Midlands 103

Tullamore; Ireland;
- Broadcast area: Counties Laois, Offaly and Westmeath
- Frequencies: 95.7FM (Tullamore) 95.4FM (Athlone) 96.5FM (Mullingar) 96.1FM (Castlepollard) 102.6FM (Stradbally & Borris-in-Ossory) 96.2FM (Portlaoise) 102.4FM (South Laois) 103.5FM (everywhere)

Programming
- Languages: English, Irish
- Format: Adult contemporary, talk

Ownership
- Owner: Tindle Radio Group
- Sister stations: Channel 103 Island FM Soleil Radio South East Radio

History
- First air date: 1990; 36 years ago
- Former names: Midlands Radio 3

Links
- Webcast: Listen Live
- Website: midlands103.com

= Midlands 103 =

Irish local radio station based in Tullamore

Midlands 103 (previously known as Midlands Radio 3) is an Irish local independent radio station broadcasting to counties Laois, Offaly, and Westmeath.
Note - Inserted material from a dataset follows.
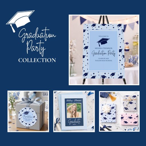 Modern Blue White Graduation Party Celebration Diseñado por Melissa G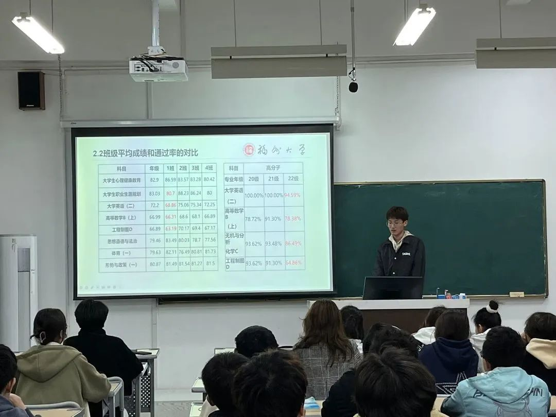 各班就班级平均分、各科通过率、成绩分布情况、各个科目存在的问题展开了详细的分析,提出对较难学科缺乏迎难而上的勇气、对简单科目不够重视等问题。接着,对班级单科状元和奖学金获得者进行了表扬和奖励。接着,学习优秀的同学、班导班助们上台分享了学习情况和心得体会,希望同学们在不断适应中保持良好的学习习惯,严于律己,提高综合素质,让自己的履历更加丰富多彩。

The station's offices and main broadcast studios are in Tullamore, County Offaly. It also has studios in Athlone Towncentre Shopping Centre, Athlone and the Bridge Shopping Centre, Tullamore, and a studio and office in Harbour Place Shopping Centre, Mullingar, with programmes being broadcast regularly from all of these. Midlands 103 also has two outside broadcast units.

As of the end of 2021, Midlands 103 had a weekly reach of 122,000 listeners with 73,000 tuning in daily, according to Joint National Listenership Research survey figures.

== History ==
The station was established as "Radio 3" in 1990 having operated as an unlicenced broadcaster "Radio West" between 1982 and 1988.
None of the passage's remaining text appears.